​「Excel」別のシートのデータをVLOOKUP関数で自動参照したい【T】

「Excel」で資料を作成している際、マスターデータが別シートにあるために何度も画面を切り替えて数値を確認することはありませんか?


手入力でデータを移し替える作業は、時間がかかるだけでなく転記ミスの原因にもなりやすく、データの正確性を保つのが難しいものです。

関数の設定方法を正しく理解することで、必要な情報を瞬時に引き出し作業を自動化する助けになるかもしれない便利な手順を紹介します。

VLOOKUP関数で別シートの範囲を指定する

VLOOKUP関数を使用して別のシートからデータを引用する際は、範囲の指定方法にシート名を含めるのがポイントとなります。

関数を入力する途中でマウスを使って直接別シートの範囲を選択すれば、複雑なシート名の記述を自動で補完してくれるためスムーズに設定できます。

これにより、データの参照元と入力先が分かれていても、常に最新の情報を反映させることが可能になります。

  1. データを表示させたいセルを選択して半角で =VLOOKUP( と入力します

  2. 検索のキーとなるセルをクリックして選択しカンマを入力します

  3. 参照したいデータがある別のシートタブをクリックして切り替えます

  4. 引用したいデータが含まれる表の範囲をマウスでドラッグして選択します

  5. 列番号と検索型を指定してカッコを閉じてからエンターキーを押します

アドバイスとして、参照する範囲を指定した直後には必ずF4キーを押して絶対参照($マークが付いた状態)に固定するようにしてください。

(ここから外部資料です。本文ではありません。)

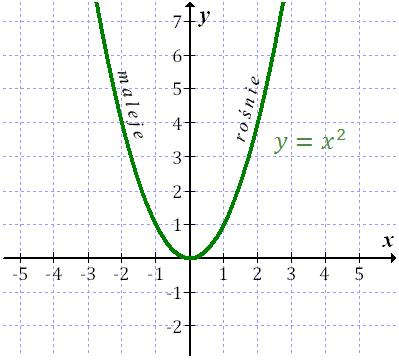 - Funkcja \(f(x) = x^2\) nie jest monotoniczna. Jest malejąca w przedziale \((-\∞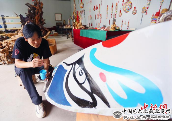图为马龙绘制大型梭子脸谱,属于马勺脸谱系列。 高展 摄

これを行わずに数式を下のセルへコピーしてしまうと、参照範囲が一行ずつズレてしまい正しくデータを検索できなくなるため、関数の正確性を保つための必須の操作として習慣づけるのが得策です。


シート名を数式内に直接記述して管理する

シート名を数式内で直接管理することで、シートを移動せずにキーボード操作だけで関数を完成させることも可能です。

シート名が長い場合やスペースが含まれる場合には引用符で囲むなどのルールがありますが、一度構造を理解すれば大規模なファイルでも迷わず数式を組み立てられます。

複数のシートから情報を集約する際に、構造の整った計算式を作成する技術として非常に役立ちます。

  1. 数式の範囲指定部分に参照先のシート名を半角で記述します

  2. シート名の直後にエクスクラメーションマークの記号を付けます

  3. 続けてそのシート内でのセル範囲をアルファベットと数字で指定します

  4. 入力した数式に間違いがないか全体の構造をチェックして確定します

注意点として、参照先のシート名を後から変更してしまうと、作成した数式がその名前を見失ってしまいエラーが発生する原因となります。

ブック全体の構造が完成してから関数を組むようにするか、シート名を変更した際は数式が正しく追従しているかを確認して、リンク切れによるデータの欠落を防ぐ慎重さが必要です。